Biodiversity preservation is at the crossroads of many concerns related to ecological transition. The OFB, a public state instituion, created by law 1st January 2020, is now a leading player in support of this objective. In order to mobilize society and bring about the necessary transformations, it nevertheless appears essential to develop operational tools – notably legal – to transpose the contributions of science into concrete achievements.

This project focuses on adaptive management, a new scientific concept that irrigates species management species and law. In connection with the issue of species preservation, the promising concept of adaptive management is emerging. Introduced into law in 2019, adaptive management should allow science to learn from experience and thus feed into decision-making.

The project aims to draw up an inventory of the perception of these issues by the actors concerned, in order to outline concrete ways of redefining the law and the implementation of adaptive management.

  • Partner : French office for biodiversity (OFB)
  • Tutors : Inès Bouchema and Alice Messin-Roizard

Pogust Goodhead is an international law firm based in London specialising in collective actions. An entire department of the firm is devoted to international environmental damage. In this context, the firm seeks to better understand collective action regimes in the European Union, in particular in France, Italy, Portugal, Spain and Germany, and in the light of Directive 2020/1828 on representative actions. The firm is also interested in three common law countries : Australia, Canada and New Zealand. This interest is part of the firm's desire to expand its practice in order to potentially relocate environmental law cases to the aforementioned jurisdictions.

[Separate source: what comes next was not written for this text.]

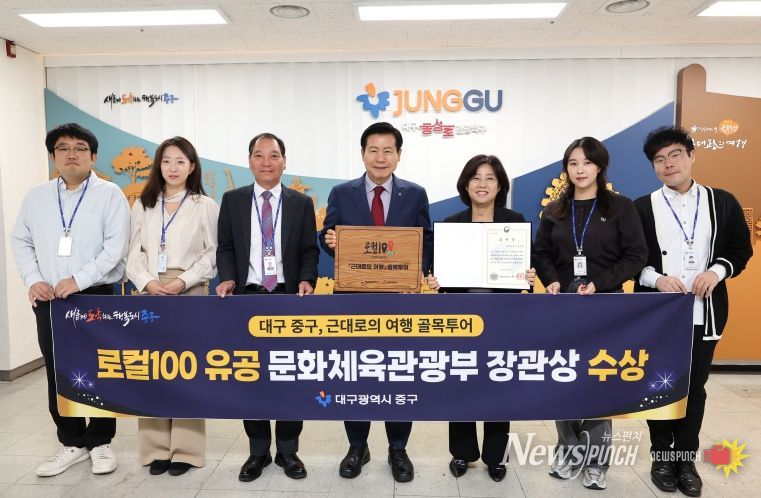 뉴스펀치 조평훈 기자 | 대구 중구는 지난 18일 제주 서귀포시 천지연폭포 일원에서 열린 ‘2025 문화의 달’ 기념행사에서 ‘근대로의 여행, 골목투어’가 문화체육관광부 ‘우수 로컬100 유공’에 선정됐다고 밝혔다.

Students are initially tasked with helping Pogust Goodhead better understand the system of collective actions in these countries, through in-depth research. The objective is to assess the effective.ness of the regimes so that the firm can initiate proceedings in environmental law. The comparative analysis thus carried out is presented in the form of a memorandum.

In light of the research carried out, students will then be able to study potential cases in environmental law. This will include conducting factual and legal research, following the news and articulating a strategy for early assessment of potential cases. Students' findings could lead to a case that Pogust Goodhead could pursue in the future. Finally, students may be invited to carry out ad hoc work on cases currently handled by the firm in the field of environmental law.

The various missions carried out will allow students to acquire knowledge of the collective action regime of the European Union and of common law countries, as well as to discover how an international law firm investigates and conducts cases of international and environmental law, business law and human rights.